THREE MONTHS ENDED JUNE 30, 1996 COMPARED TO THREE MONTHS ENDED JUNE 30, 1995

     Base rent and expense recoveries were $12,378,000 and $2,179,000,
respectively, for the three months ended June 30, 1996 (the "1996 Quarter"),
compared to $11,626,000 and $2,181,000, respectively, for the comparable quarter
in 1995 (the "1995 Quarter"), representing a $752,000 (6.5 percent) increase in
base rent and $2,000 (0.1 percent) decrease in expense recoveries.  The increase
in base rent results primarily from new leases placed in service at Seven
Corners, Great Eastern and Leesburg Pike for the 1996 Quarter but not present
during the 1995 Quarter. 

     Percentage rent was $709,000 in the 1996 Quarter, compared to $758,000 in
the 1995 Quarter, representing a decrease of $49,000 (6.5 percent).

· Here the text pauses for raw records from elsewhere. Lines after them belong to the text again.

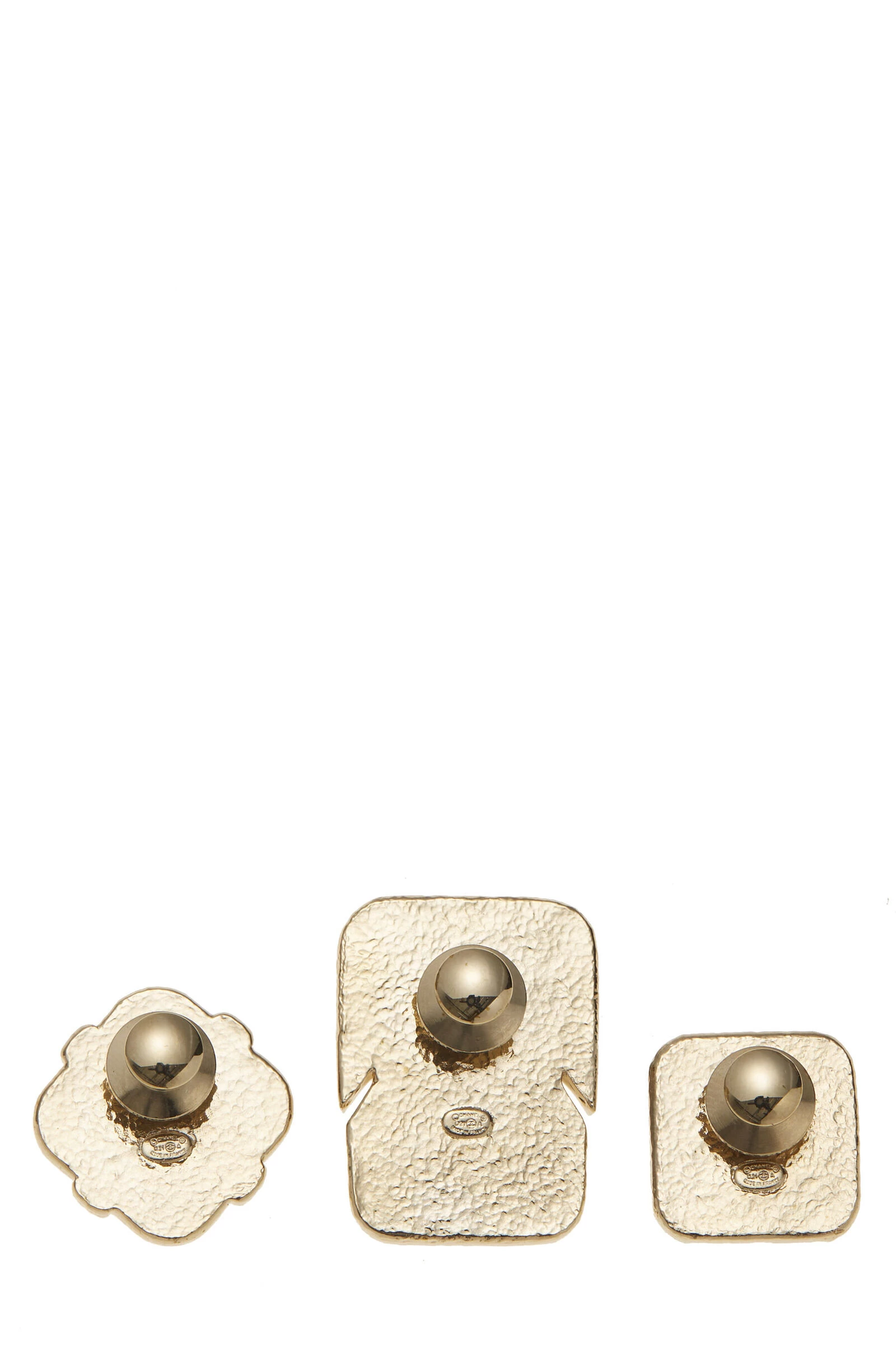 From Chanel’s Fall 2021 collection, this stylish pin set features shimmery black and white enamel , ‘CC’ and ‘5’ engraved accents, and crystal embellishments encased in ornately engraved gold-tone metal borders, reminiscent of 1920s Art Deco.
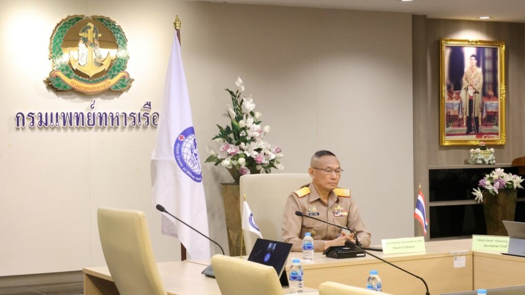 พลเรือโท สมชาย จันทโรธร เจ้ากรมแพทย์ทหารเรือ และกรรมการบริหารศูนย์แพทย์ทหารอาเซียน (ASEAN Center of Military Medicine) เข้าร่วมการประชุมคณะกรรมการบริหารศูนย์แพทย์ทหารอาเซียน ครั้งที่ ๑ ประจำปี ๒๕๖๙ การประชุมผ่านระบบทางไกลออนไลน์ (VTC) โดยมี ผู้บังคับบัญชาและข้าราชการกรมแพทย์ทหารเรือ ร่วมการประชุมฯ ณ ห้องประชุมกรมแพทย์ทหารเรือ ๓ อาคารกองบังคับการกรมแพทย์ทหารเรือ เมื่อวันที่ ๒๖ มกราคม พ.ศ.๒๕๖๙
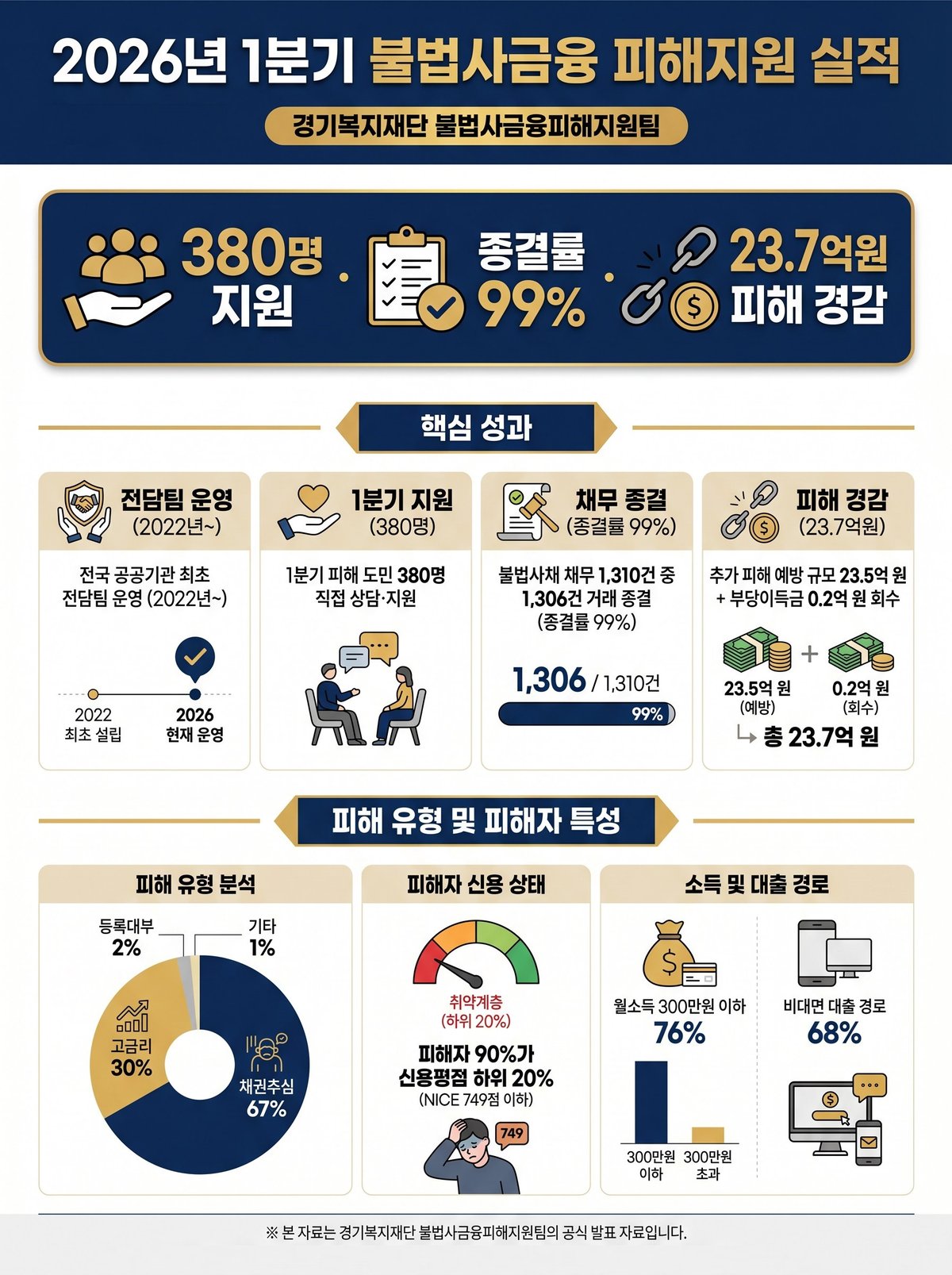 경기복지재단은 지난 3월 금융위원회 등과 불법사금융 원스톱 지원 협약을 맺었다. 경기도의 피해자 직접 대응 방식이 정책 설계에 반영됐으며, 3년간의 지원 실적이 원스톱 지원체계의 핵심 모델이 됐다.
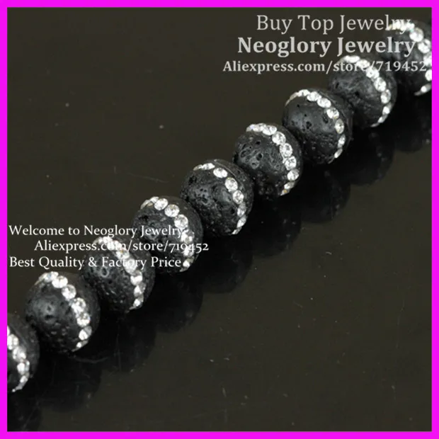 ORIGINAL 1strand Natural Black Volcanic Lava Stone Loose Round Beads with RhinestoneSparkling Rhinestone 10m
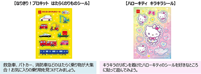 9⽉3⽇(⼟)・4⽇(⽇)の2⽇間は、ハッピーセット「なりきり!プロキット」を1セットご購⼊につき「はたらくのりものシール」を、ハッピーセット「ハローキティ」を1セットご購⼊につき「キラキラシール」をプレゼントいたします。
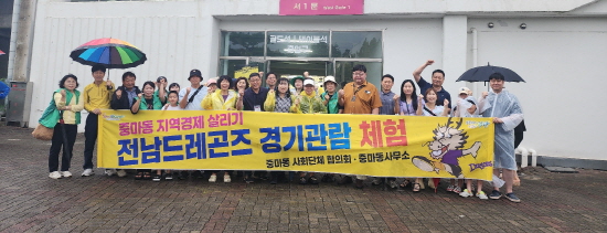 (전남=NSP통신) 김성철 기자 = 광양시 중마동은 지난 19일 중마동 통장협의회를 비롯한 9개 사회단체 회원 100여 명과 함께 전남드래곤즈 홈경기 관람 체험 활동을 실시했다고 21일 밝혔다.
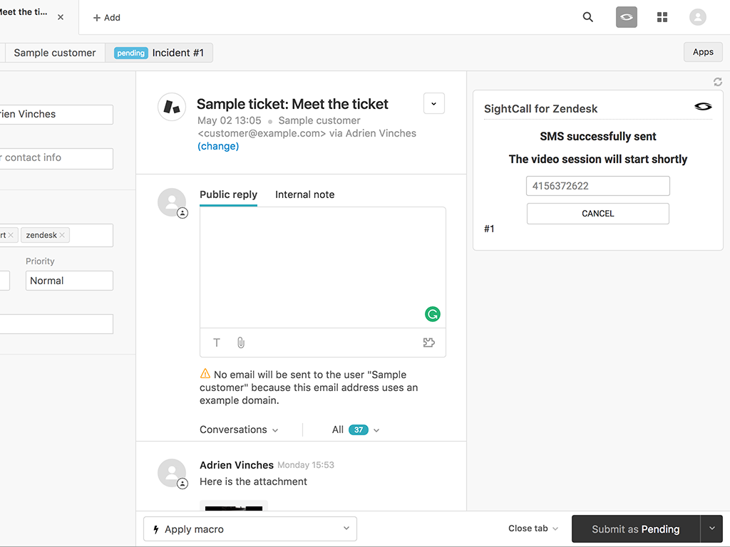 SightCall for Zendesk raises customer service efficiency to the next level by enabling support agents to engage in live video interactions with customers sharing their issues in real time. Before SightCall, support organizations required multiple, long and often complex interactions with customers to understand their issues, leading to confusion, low customer satisfaction and unnecessary product returns. Now, SightCall provides your agents with the ability to see what the customer sees and guide them towards resolution right there and then on their mobile device. SightCall for Zendesk improves understanding, decreases resolution time, reduces product returns and increases customer satisfaction.

     Other income, which is composed primarily of parking income, kiosk leasing,
temporary leases, and payments associated with early termination of leases, was
$554,000 in the 1996 Quarter, compared to $629,000 in the 1995 Quarter,
representing a decrease of $75,000 (11.9 percent).  The decrease resulted
primarily from the reduction in the 1996 Quarter of lease termination payments
compared to amounts received during the 1995 Quarter.

     Operating expenses, composed primarily of repairs and maintenance,
utilities, payroll and insurance, decreased $141,000 (6.9 percent) to $1,902,000
in the 1996 Quarter from $2,043,000 in the 1995 Quarter.  The operating 
expense decrease resulted from reduced property payroll expenses and reduced 
operating expenses at shopping centers under development, primarily the mall 
conversion at Seven Corners.

     Real estate taxes increased $247,000 (19.5 percent) to $1,514,000 in the
1996 Quarter from $1,267,000 in the 1995 Quarter.  The real estate tax 
increase was mainly attributable to a significant increase in taxes assessed 
at Seven Corners center, due to this shopping center's redevelopment.

     The provisions for credit losses increased $96,000 (960.0 percent) to 
$106,000 in the 1996 



                                       21

<PAGE>

Quarter from $10,000 in the 1995 Quarter.  The credit loss increase results 
from the comparison with the 1995 Quarter, in which the provision was reduced 
by collections of several tenant receivables previously written-off.  The 
provision for the 1996 Quarter represents a return to historically normal 
credit loss activity.

     Interest expense of $4,607,000 for the 1996 Quarter represented an increase
of $254,000 (5.8 percent) over $4,353,000 reported for the 1995 Quarter.  This
increase is primarily attributable to  an approximately $16.8 million increase
in average loan balances outstanding.  The additional borrowings were used
primarily to fund the Company's acquisition and development activities.  The
interest expense increase was partially offset by a 64 basis point decrease in
average LIBOR during the 1996 Quarter compared to the 1995 Quarter.  LIBOR is
the rate used as the base index for the Company's floating rate debt.
     
     Amortization of deferred debt expense increased to $734,000 for the 1996 
Quarter from $602,000 for the 1995 Quarter, representing an increase of 
$132,000 (21.9 percent).  The increase resulted primarily from an accounting 
adjustment of deferred debt amortization in the 1995 Quarter, not present in 
the 1996 Quarter.

     General and administrative expense, which consists primarily of 
administrative, payroll and other overhead expense, was $808,000 for the 1996 
Quarter, as compared to $750,000 for the 1995 Quarter, representing an 
increase of $58,000 (7.7 percent).

     Depreciation and amortization expense increased $545,000 (22.9 percent) 
from $2,382,000 in the 1995 Quarter to $2,927,000 in the 1996 Quarter.  The 
increase resulted primarily from placing in service the newly redeveloped 
portions of Seven Corners, Great Eastern and Leesburg Pike centers.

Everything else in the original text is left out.